The problem of replication

This post examines the various replication strategies
used by popular time-series and OLAP databases to implement high-availability.
Our learnings from this research have inspired us as we continue to build replication
into our own performance-focused database, QuestDB.
The database is built in C++, low latency Java, and recently Rust! The codebase
has no external dependencies and we implement SQL with native time-series
extensions.

After being unable to ride my new electric bike to work yet again because it was
in the shop (this time because of a wiring problem that prevented the bike from
running!), I started to think about how I could create some redundancy in my
biking setup so I wouldn’t be stuck riding the Tube for weeks at a time due to
simple maintenance or a supply chain issue. What if I had another bike to ride
while my current one is being fixed? That would definitely help, but electric
bikes are expensive, and there’s little room to store a backup bike in my cozy
London apartment.

Believe it or not, this problem is similar to what I’ve been tackling at my day
job as a database developer. Just like bicycles, databases can break down too!
Sometimes hardware fails mysteriously, or a network config has changed and your
database is no longer reachable. Sure, you could always restore your data from a
backup onto new hardware in the event of a failure, but then you’re stuck with
downtime and potentially lost data; and that’s assuming you’ve tested your
restore process recently to ensure that it even works! Even if you’re able to
run a restore seamlessly, just like I need to wait for the shop to finish fixing
my bike before I can start riding it to work again, you would also need to wait
for the restore to complete and the new database to be configured before using
it.

But luckily, unlike my bike situation, modern databases have the capability to
stay online and continue their normal operations when things go wrong. This is
especially important in the world of time series databases, which are designed
to be constantly writing data, in many cases almost nonstop. There’s no time to
restore from a backup, since precious data could be lost during any period of
downtime.

How can this happen? The answer is through replication! By synchronizing
multiple database nodes and building a solution for moving execution over to
healthy ones when a node breaks down (write failover), databases can ensure that
no data is lost. This is like if I got a flat tire on my commute and could
switch to a spare bike right on the spot in the middle of the road! Seems pretty
cool, right?

As we start our journey towards making QuestDB distributed, we take the time to
analyze how several popular time-series/OLAP databases implement high
availability to highlight the pros and cons of each approach. Along with a
review of the fundamentals, we also share QuestDB’s own approach and our plans
for the future.

Failover#

Let’s take a look at a scenario is when an application writes to a database, but
it suddenly gets a network disconnect. What should happen in this case?
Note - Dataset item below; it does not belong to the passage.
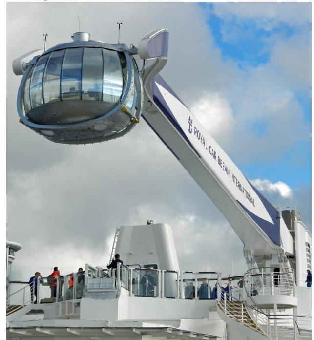
MacGregors North Star

Modern cranes complying with international standards and regulations.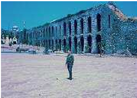
Old Aqueduct on outskirts of Istanbul

The application should switch to a replicated node and continue inserting data.

For example, if I had an application App writing to DB Node 1 with replica
DB Node 2 I could draw this scenario as a sequence diagram:

Write failover use case
Write failover use case

Seems straightforward, but is it easy to get a database to play its part in this
dance? I believe it’s not. To achieve this, the database has to be able to write
data into the same table A through multiple nodes. In the general case, the
database also has to evolve the schema to support adding/removing columns from
multiple nodes and applying the transaction in exactly the same order on all the
replicas. This is because some transactions like INSERT and UPDATE that are
executed on the same row will have different outcomes if applied in the wrong
order.

To summarize, a database needs to be able to:

  • Write data to the same table using multiple DB Nodes
    (multi-master replication)
    or mirror the data to a read-only replicated node with automatic failover

  • Evolve table schemas such that the same table columns can be added
    simultaneously from multiple connections

  • Maintain the global order of the writes and schema changes across replica
    nodes

Sync and Async replication#

Different things can go wrong with databases when a failure happens. For
instance, there can be two reasons why the database Node 1 may not reply to
the second insert, insert into A values(2): it can either be that the node
fails to receive and process the transaction, or that the data is inserted but
the OK reply is not delivered back to the application due to a network
disconnect.

To avoid losing the second insert after disconnecting from Node 1, the
application has to repeat transaction insert into A values(2) to Node 2. The
application also has to do the repeated insert into A values(2) attempt in
such a way that the database does not create a duplicate row in the case when
the same insert has already been processed by Node 1 but an OK reply is not
delivered back to the application. In order to achieve these goals, all data
inserted into Node 1 has to be readable from Node 2 immediately for the
application to perform the deduplication on failures. Alternatively, there must
be another built-in mechanism to de-duplicate the inserted data in the database.
This leads to the conclusion that at least one of the points below has to exist
for no-gap, no-duplicate write failover:

  • Data written to one node is immediately selectable through all other replicas
    so that the writing application can check for the duplicates

  • There is a de-duplication mechanism built into the insert protocol or table
    storage

The first bullet point above is also called Synchronous (Sync) Replication where
Node 1 replies OK only after an insert is already replicated to Node 2. In
contrast, Asynchronous (Async) replication allows Node 1 to reply OK to the
App before replicating the inserted data to Node 2. This way Node 2 may
not receive the first insert before Node 1 goes down, so the database will
have to reattempt to replicate the data when Node 1 is started or connected
back.

Choice of replication flavor#

Back to my bike analogy, a databased configured in single primary with a
read-only replica in Sync mode is something akin to riding one bike while
simultaneously trying to roll another alongside you at all times. You can
imagine that it’s pretty hard to ride while simultaneously balancing on two
bikes, and that it’s nearly impossible to actually cycle quickly!

Sync bike riding
Sync replication bike riding

On the other hand, a database configured in single primary with a read-only
Async replica is similar to me buying a spare bike, storing it at work, and
synchronizing my trip data when the bikes are at the same place. In case of a
breakdown, I’ll lose data from that particular journey but I would still be able
to continue commuting on the spare bike the same day.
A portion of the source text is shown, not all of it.